If you are training for an event that will last longer than 60 minutes, then you should be asking yourself these questions. What energy sources will you rely on to keep your energy level sufficient to avoid bonking during your event? What fluid sources will you rely on to keep yourself sufficiently hydrated so you will keep your body temperature under control and compete well in your event? What electrolyte sources will you rely on to keep your muscles contracting and your stomach emptying properly during your event? Should you be experimenting during your training season to determine what you can eat and what you can drink during the race without getting sick to your stomach? Our recommendation is to not wait too long into your training season to begin experimenting with fluid, fuel, and electrolyte replenishment. It takes time and trial and error to figure out the right combination and amounts that best suit your purposes.
When discussing event-day strategic consumption of fuel (primarily carbohydrates), fluids, and electrolytes, we begin with the assumption that you have sufficient and balanced nutrition and adequate hydration as a lifestyle. If you aren’t practicing these good daily and weekly habits, you need to know you can’t fix everything just by doing things right on event day.
Energy Stores in Muscles, Liver and Bloodstream
A flat half-marathon is going to take most people anywhere from a little less than two hours to three plus hours. The human body is capable of storing no more than 120 minutes worth of energy (glycogen – glucose in its stored form and it comes primarily from complex carbohydrates) for running in the muscles and liver and this is only if you saturate yourself with it in advance. Since most people can’t run a half-marathon under two hours and many won’t make the effort to maximize their glycogen stores in advance, they will need to supplement with additional carbohydrates during the event. By the way, if you strictly run and don’t mix running and walking, your body will restrict your access to body fat stores as a fuel source after the first few minutes, until you finish or deplete your glycogen stores. This happens because running expends energy at a rate faster than our brains are comfortable with. This protective mechanism is designed to ensure we have body fat stores to sustain us if, for any reason, we stop eating sufficiently.

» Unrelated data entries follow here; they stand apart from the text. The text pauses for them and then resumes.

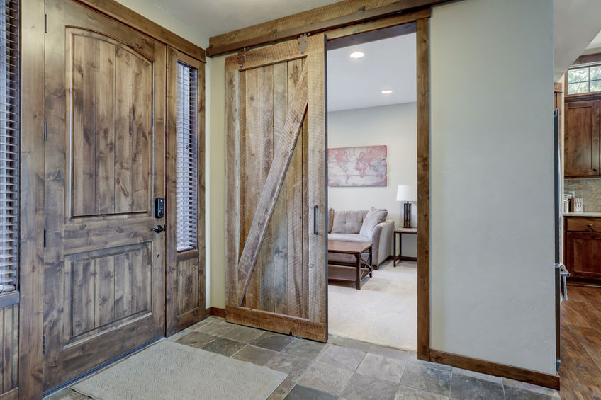 Quasi nella totalità delle realizzazioni con una barn door per interni, è visibile l’impiego di quadri pieni, lisci o appena lavorati da tavole diagonali. Se però il pannello di una porta scorrevole da restaurare può risultare danneggiato o in alcuni casi mancante, abbinare una parte vetrata è un altro metodo per valorizzare l’infisso e renderlo maggiormente utile in ambienti che necessitano di passaggio di luce al loro interno.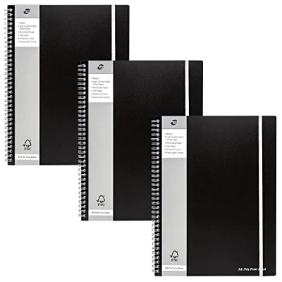 Pukka Pad, A4+ Jotta Notebook Pack of 3 Wirebound Notepads with 160 Perforated Pages 80GSM Paper 8mm Lines, Margin, and 4 Hole Punch 29.7 x 23cm, Black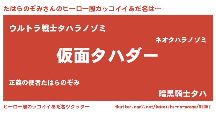 | 意味不明あだ名 | 『住所不定無職たはらのぞみ(3歳)』 |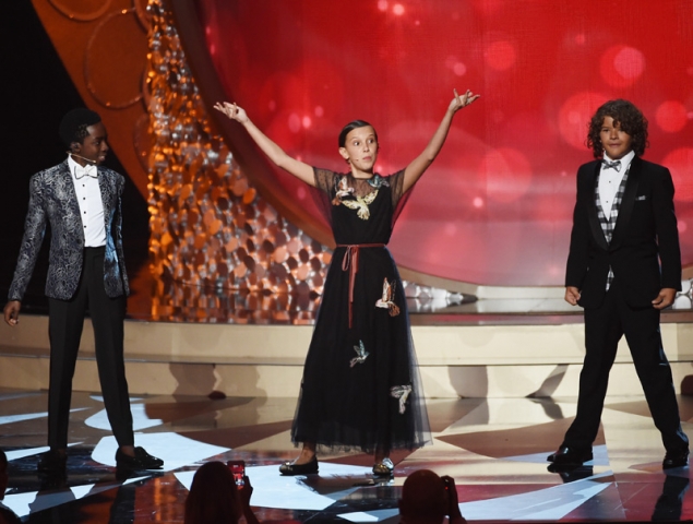 ¿Lo mejor de los Emmy 2016? Los niños de la nueva serie revelación de Netflix, Stranger Things. A mí me tienen enamorada, ¿y a vosotros? Mirad qué versión de Uptown Funk se marcaron. Y eso no fue lo único. Los pequeños se pudieron a repartir "meriendas" entre los invitados vestidos como en la serie y sobre sus bicis. ¡Más monos!
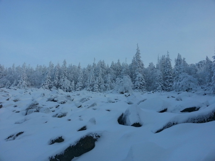 Не задерживаясь в этом месте, мы отправились к тропе, но тут нас ждали новые огорчения: зайти мы решили не с парадного, а с заднего, так сказать, входа, но тропа там была сокрыта в глухом лесу и за три дня пути и ночёвок на морозе в -15 мы так и не смогли обнаружить её. В результате было принято решение добраться до ближайшего города - Златоуст, переночевать в нём и отправиться на маршрут уже с главного входа.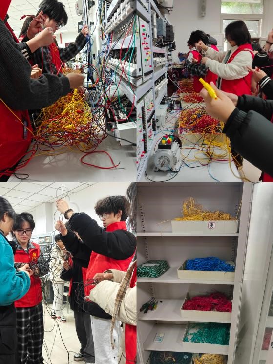 活动开始,全体参与人员在第四教学楼前集合。活动负责人围绕活动整体流程作了明确要求和分工,实验室管理员对器材整理操作规范及现场安全要点作详细的示范。活动现场大家秉持严谨负责的态度,以“分工协作、高效配合”为原则,对实验室各类实验线路逐一进行分类梳理、核对校验与规范摆放——从杂乱缠绕的线路分拣,到不同类型线路的分区归置,每一步都细致入微,最终让原本繁杂的实验线路变得井然有序、清晰可辨。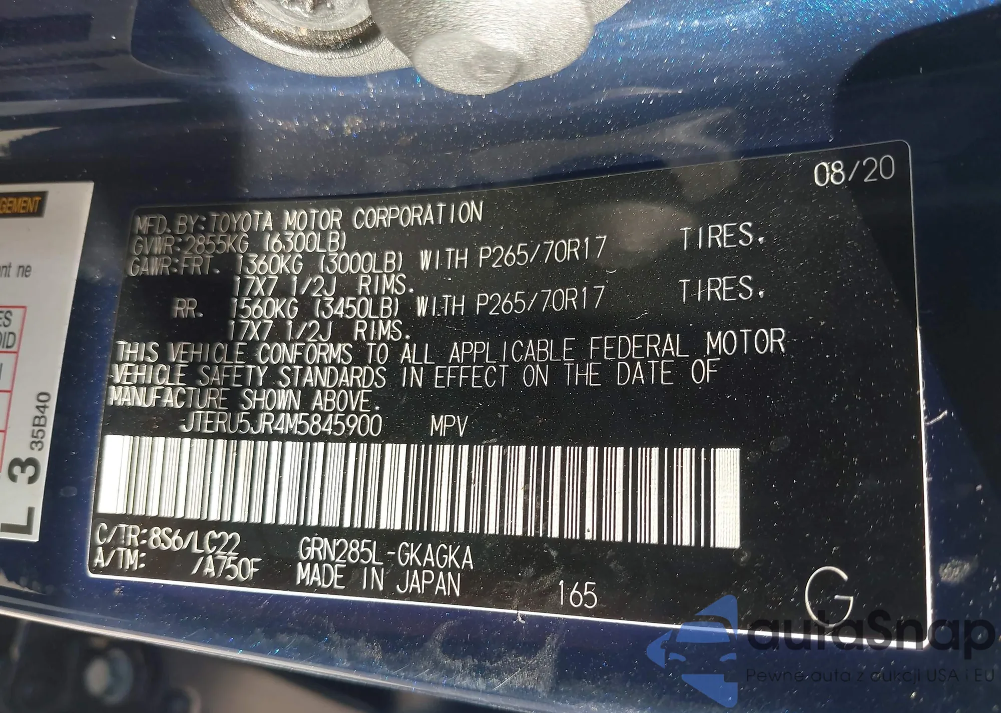 • VIN: JTERU5JR4M5845900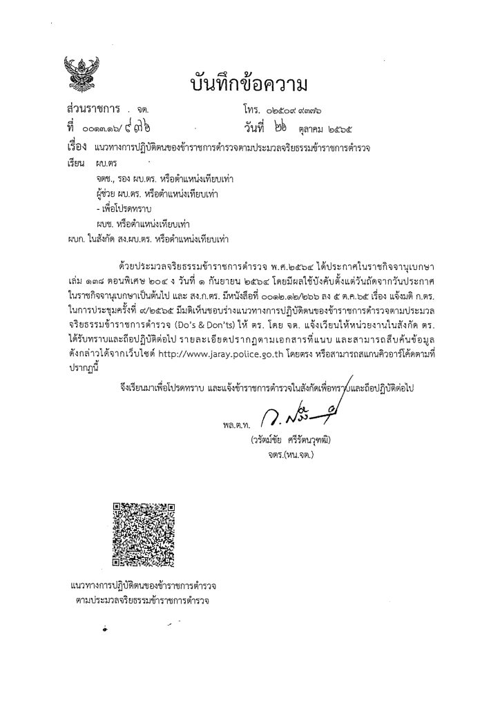 แนวทางการปฏิบัติตนของข้าราชการตำรวจตามแนวประมวลจริยธรรมข้าราชการตำรวจ ฉบับย่อ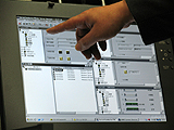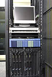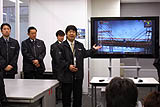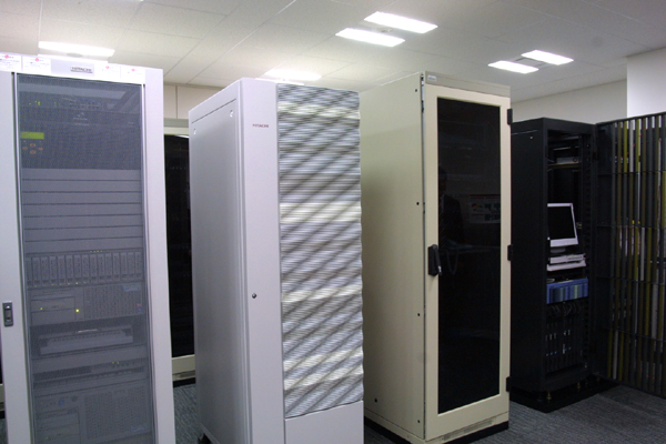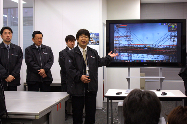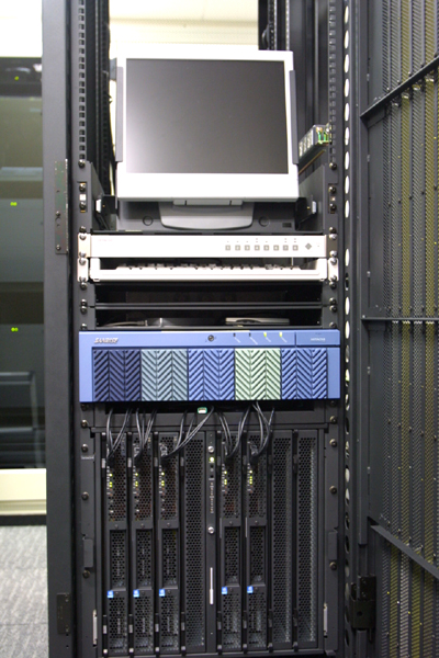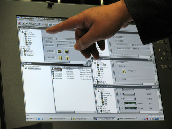 このあと,立食パーティ形式の開所式に移行する……前に,来場者達は,非常に貴重なものを見ることができた。なんと,サーバールームに通されたのだ。 ここでは,日立製作所のシステムエンジニアである安田氏から,サービスを安定的に提供するためのサーバーシステムについての説明があった。安田氏によると,現在使用しているサーバー(右の写真参照)は本番用のものではなく,あくまでも評価環境の設備とのこと。この設備を使い,アプリケーションの能力やプレイヤー状況を考慮して,本番の環境を構築するという。 さて,安田氏の語ったサーバーシステムについて詳しく説明していると,それだけでニュース3本分くらいの文章量になりそうなので,これについてはいずれ別途取材記事をお届けするとして,ここでは要点のみをお伝えしよう。 安田氏はこのシステムを構築するに当たって,三つの点に注力したという。一つは,"Manageability"。オンラインゲームの場合,数十台から数百台,多い場合だと千台を超える数のサーバーが構築されるが,それをいかに効率良くコントロールしていくかという点だ。次が,"Scalability"。負荷変動に柔軟に対応するという点である。そして,"Availability"。高い性能,高い信頼性を実現するという点である。 まぁ言葉にすれば実に当たり前のことばかりだが,そこは日立製作所。最新の技術,最新のソフト(同社の「JP1」)を使って,世界最高水準のサーバーシステムを構築しようという意気込みが感じられた。 ちなみに安田氏の締めの言葉は,「将来的にはこのラックが,この部屋いっぱいにズラッと並ぶようにしたい」というもの。ぜひたっぷり(それこそサーバー単位で千台以上)と揃えていただきたい。

Assumptions and Calculations
Assumptions: If a woman weights 130 lbs. and can run a half marathon in 2:30, she will need approximately 1,300 calories (about 520 calories per hour) or approximately 100 calories per mile to complete her event with sufficient energy. With proper training and race-week and day fueling strategy, she will likely start the race with about 1,000 calories of glycogen reserves in her muscles, liver, and bloodstream. Calculation: this woman will need to consume about 300 calories during the half marathon to avoid bonking.
Questions Needing Answers
What sources and quantities of carbohydrate should you consume during the half marathon? How much fluid and what types should you drink? What about electrolytes? Should you start experimenting early in the season by treating each long-distance workout as a dress rehearsal for event day?
Through effective training with BOISE RunWalk’s training program, you have arrived at the starting line with a proven plan and the confidence that you will have lots of fun running your half-marathon. You now have a plan that will work for you. You learned what complex carbohydrate source best built up your glycogen stores and how much to eat. What source of carbohydrate during your event did you settle upon? What sports drink did you test and find worked best as a source of fluids and electrolytes? Are you eating chicken sandwiches and pretzels every other mile during your race? Whatever you have decided, you arrived at your decision by experimentation, treating each Saturday morning as a dress rehearsal for race day. Yes, you likely made some mistakes along the way, especially early on, and things sometimes might have gotten to be a little messy. But by mid to late-season, you were fine-tuning your decisions as to the sources of carbohydrate, fluids and electrolytes. And your BOISE RunWalk coaches were very helpful, by providing an example chart showing carbohydrate and fluids consumption for three difference race finish times. See example chart above (note: W=water, PA=sports drink PowerAde, G=Gu).